Well, here's my opinion based on whatI remember about programming languages design and implementation and not Perl in particular... The return in foo is useless so the only optimization I see here is to simply ignore it. It does not use memory and does nothing different from simply exiting the subroutine. In other cases, a similar return without parameters might actually make a difference because it might prevent other code in the subroutine to be executed and simply pops the stack and returns the control to the parent block of code that called the subroutine. It is a simple "traffic control" mechanism.

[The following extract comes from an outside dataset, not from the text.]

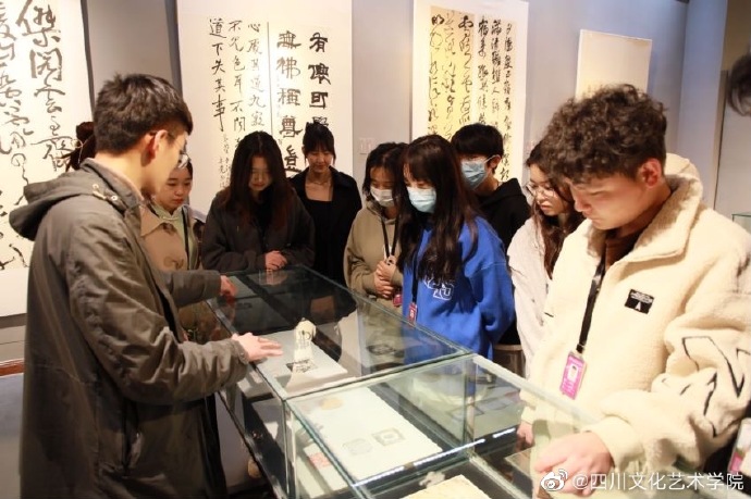 3月20日,四川文化艺术学院中国书法篆刻学院在绵阳校区王蒙文学艺术馆举办“春泥护花”中国书法篆刻学院第二届教学成果展。 本次展览以“春泥护花”为主题,秉承了往届的风格向全校师生展现了中国书法篆刻学院近年来的部分教学成果。成果展共展出师生书法篆刻作品150余件,作品包含篆、隶、楷、行、草等多种书体,内容丰富,形式多样,展览过程中,通过讲解老师的详细介绍,让同学们深入了解展出作品及相关专业知识,对学生之后的创作课程起到了积极的指导作用。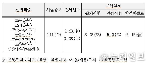 (누리일보) 전북특별자치도교육청은 교육공무직원 채용시험을 준비하는 응시자의 편의를 위해 2026년 교육공무직원 채용시험 일정을 4일 누리집을 통해 사전 안내했다.

For the second subroutine, you use memory when you return. I would argue that you create a result value (in this case a boolean, although Perl doesn't use booleans explicitly). Whatever that value is, it takes up memory space to store the result of your comparison. You may think that by defining the values above you save memory but you don't. You return a copy of that value. Even assuming return uses references (which I'd say is not the case) you'd still be using memory to store the reference to the value defined up top. Your bar return does more than flow of control, it actually passes a value up to the parent.

For this reason, I think the claim that Perl does not use additional resources to represent that value internally is incorrect. It is a bool after all (Perl chooses not to call it so) but it is a value and that takes up space. If you optimize it to save that space it pretty much means you destroy what yo want to return. It seems you'd be looking for a meaningful value but are willing to spend zero to store it.

Again, my 2c without knowing intimate details about how Perl handles the situation, but based on this line of thinking, I suspect there's little room for other scenarios. Anybody has any other idea?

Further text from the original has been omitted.